INPUT DATA>
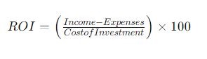 Calculating ROI in real estate properties involves taking into account both the income and expenses associated with the property. Here is the basic formula for calculating ROI:
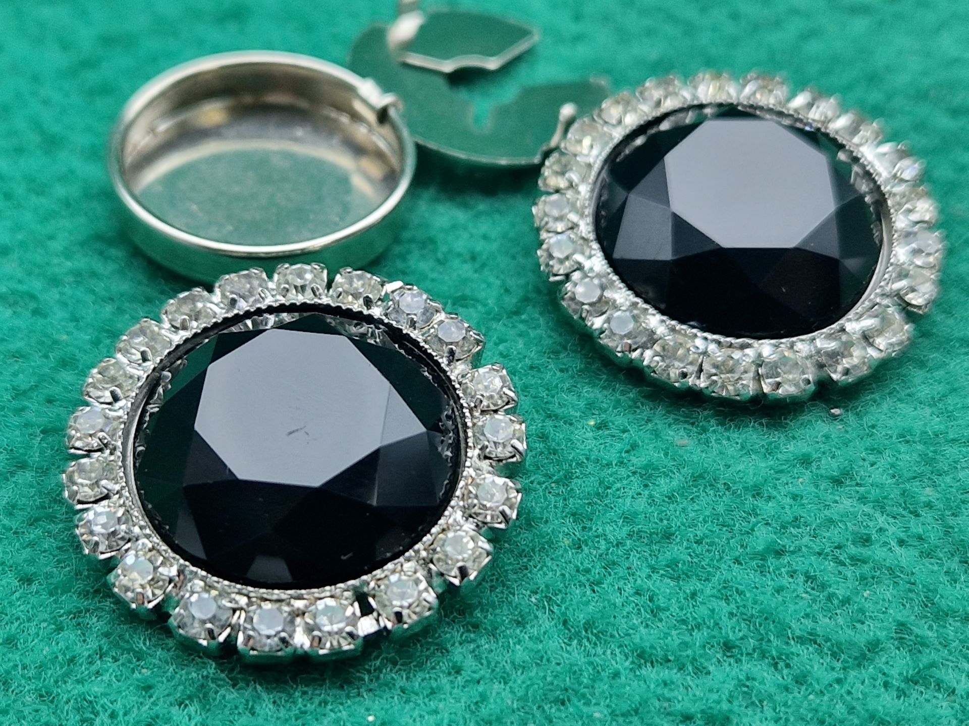 Copri-bottone strass, creazione artigianale esclusiva, con chiusura a incastro, decorato da una corona di luminosi strass strass taglio diamante, luminosissimi, e una grande pietra acrilica sfaccettata.
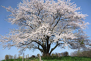 從松尾八幡平IC開車約3分鐘的一個小山丘上,在一個名為“大內的井物櫻花”的小山上盛開。 當曾經在這個地方的神社搬遷時,這棵僅存的櫻花樹每年都盛開,令人賞心悅目。
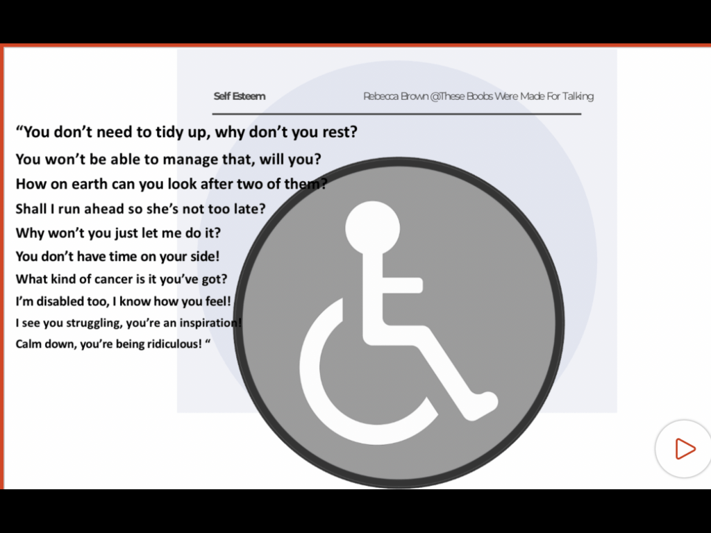 Life is pretty straightforward for me if I ignore patronising comments and access issues. Yet, as a disabled person in society I feel ignored and unwanted, whilst as a cancer patient I’m celebrated as a brave warrior. For now, I need to sleep…..

TASK STATEMENT> Give back exactly the run of lines that opens the material above and ends at the line with "從松尾八幡平IC開車約3分鐘". Omit the pictures.

ANSWER FOR THE TASK>
 Calculating ROI in real estate properties involves taking into account both the income and expenses associated with the property. Here is the basic formula for calculating ROI:
 Copri-bottone strass, creazione artigianale esclusiva, con chiusura a incastro, decorato da una corona di luminosi strass strass taglio diamante, luminosissimi, e una grande pietra acrilica sfaccettata.
 從松尾八幡平IC開車約3分鐘的一個小山丘上,在一個名為“大內的井物櫻花”的小山上盛開。 當曾經在這個地方的神社搬遷時,這棵僅存的櫻花樹每年都盛開,令人賞心悅目。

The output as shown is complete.